The statement continues, “Nevertheless, we have reached a resolution with the FDA that finalizes several long-resolved issues that originated under previous ownership and leadership of the supply chain division and which will enable the division’s continued operation.”
The FDA’s complaint stated that many of the violations noted in the March and April inspections were similar to violations observed in a 2018 inspection of the Kentucky facility.
According to the FDA’s complaint, violations noted in the 2022 inspections included:
•Failure to adequately investigate and resolve quality-related complaints. One customer reported out-of-specification test results concerning “unidentified impurities” in cromolyn sodium, a drug used to treat bronchial asthma and certain allergic conditions. LGM failed to quarantine remaining products from the same batch and shipped quantities to two additional customers.
•The company failed to follow its standard operating procedures when it learned of “multiple” test results relating to impurities and potential low potency of an estrogen hormone it purchased from a Chinese supplier and distributed to customers in the U.S.
•LGM failed to qualify and approve hundreds of ingredients purchased from multiple suppliers between late 2018 and early 2022.
•The company distributed multiple shipments of a product from a vendor that it disqualified without a written justification for the distribution.
•LGM failed to properly document investigations into deviations and complaints. The company’s documentation is “deficient in many respects.”

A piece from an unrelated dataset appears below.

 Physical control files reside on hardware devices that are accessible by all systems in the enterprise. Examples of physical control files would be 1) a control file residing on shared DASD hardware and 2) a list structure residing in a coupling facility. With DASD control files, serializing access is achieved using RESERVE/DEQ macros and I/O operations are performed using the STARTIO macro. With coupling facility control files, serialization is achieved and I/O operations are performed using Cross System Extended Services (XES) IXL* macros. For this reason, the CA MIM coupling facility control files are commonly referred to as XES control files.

The FDA’s suit also accuses LGM of failing to address the identified violations in response to discussions that followed the 2022 inspections.
In its 2018 inspection report, the FDA noted that LGM received complaints about the potency consistency of a drug used to treat underactive thyroid conditions.

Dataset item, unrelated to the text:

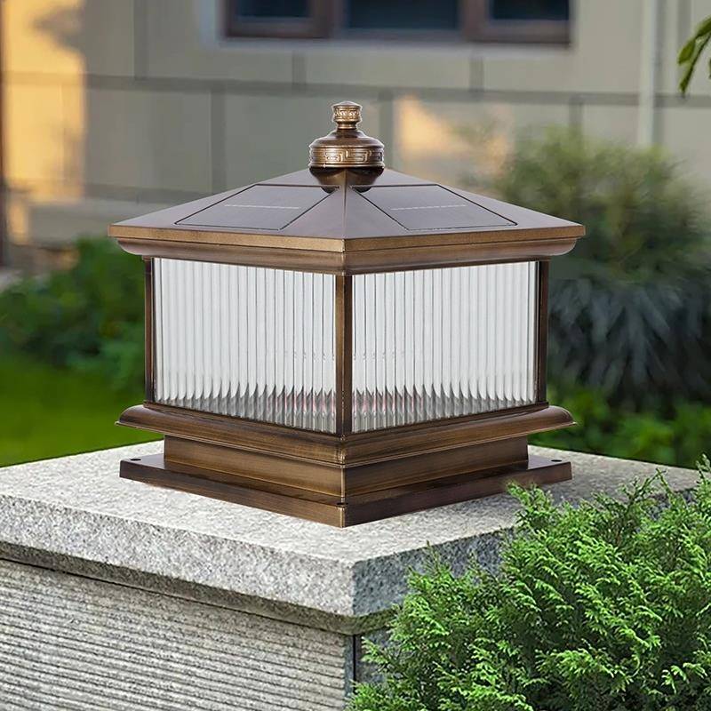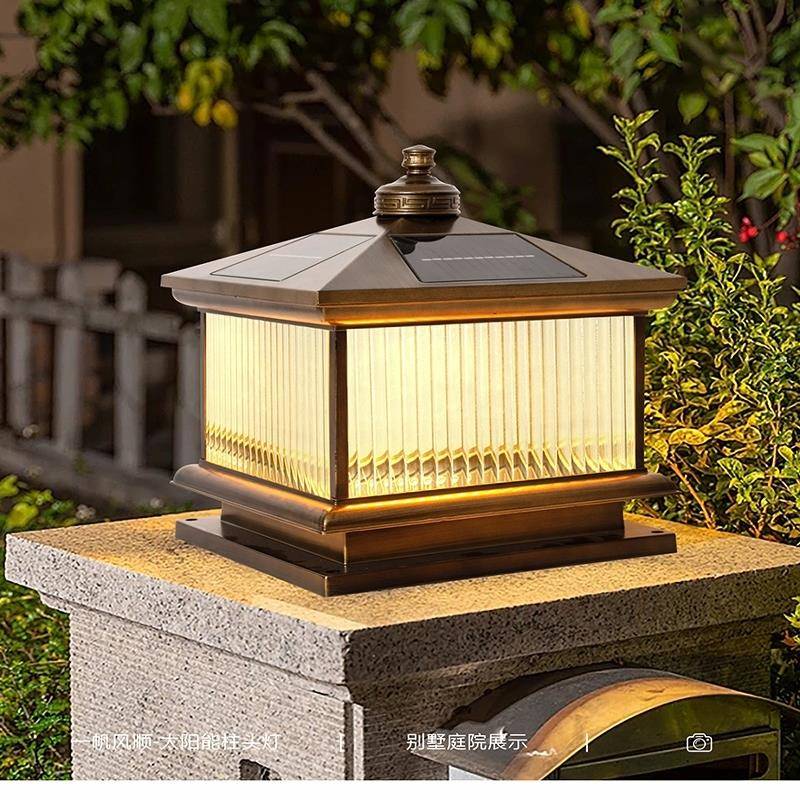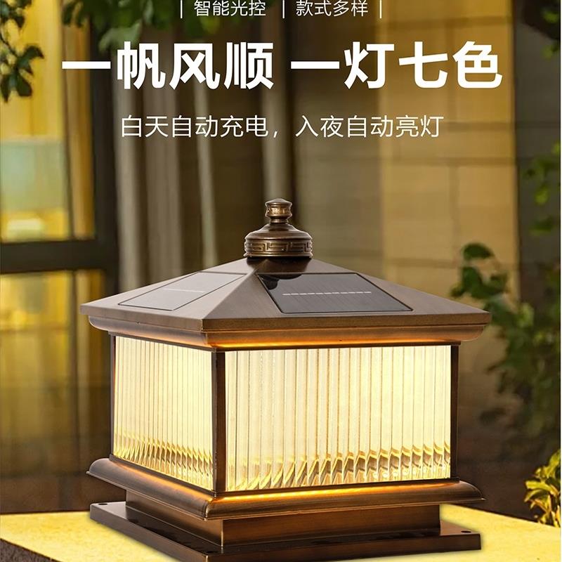 太阳能竖纹玻璃柱头灯庭院户外别墅花园家用围墙照明灯防水室外

“Rather than quarantining the product pending an investigation into the cause for the [out-of-specification] testing results, Defendants accepted returns of the rejected product from customers, stripped any indication the drug had been previously distributed, and shipped it to other customers,” the complaint states.
The company also imported ingredients from suppliers on the FDA’s Import Alerts list, which gives the agency authority to detain imported drugs that appear to violate U.S. drug safety laws.
Despite the 2018 findings, LGM’s supplier qualification procedures and its lack of a quality control unit remained uncompliant four years later, the suit states.
Under terms of the consent agreement, LGM agreed to hire an expert to inspect its facilities and develop a comprehensive quality assurance and control program that includes development of standard operating procedures, prompt notification of violations, compliance training for LGM employees, and correction of any violations cited by “FDA, the expert or any other source.”
According to LGM’s statement on Tuesday, compliance with terms of the resolution is underway.
“We are now leading the industry by example by applying Quality by Design (QbD) principles throughout this division. This includes featuring an extensive global network of [drug ingredient] manufacturers that are FDA-registered and frequently audited to ensure quality and reliability.”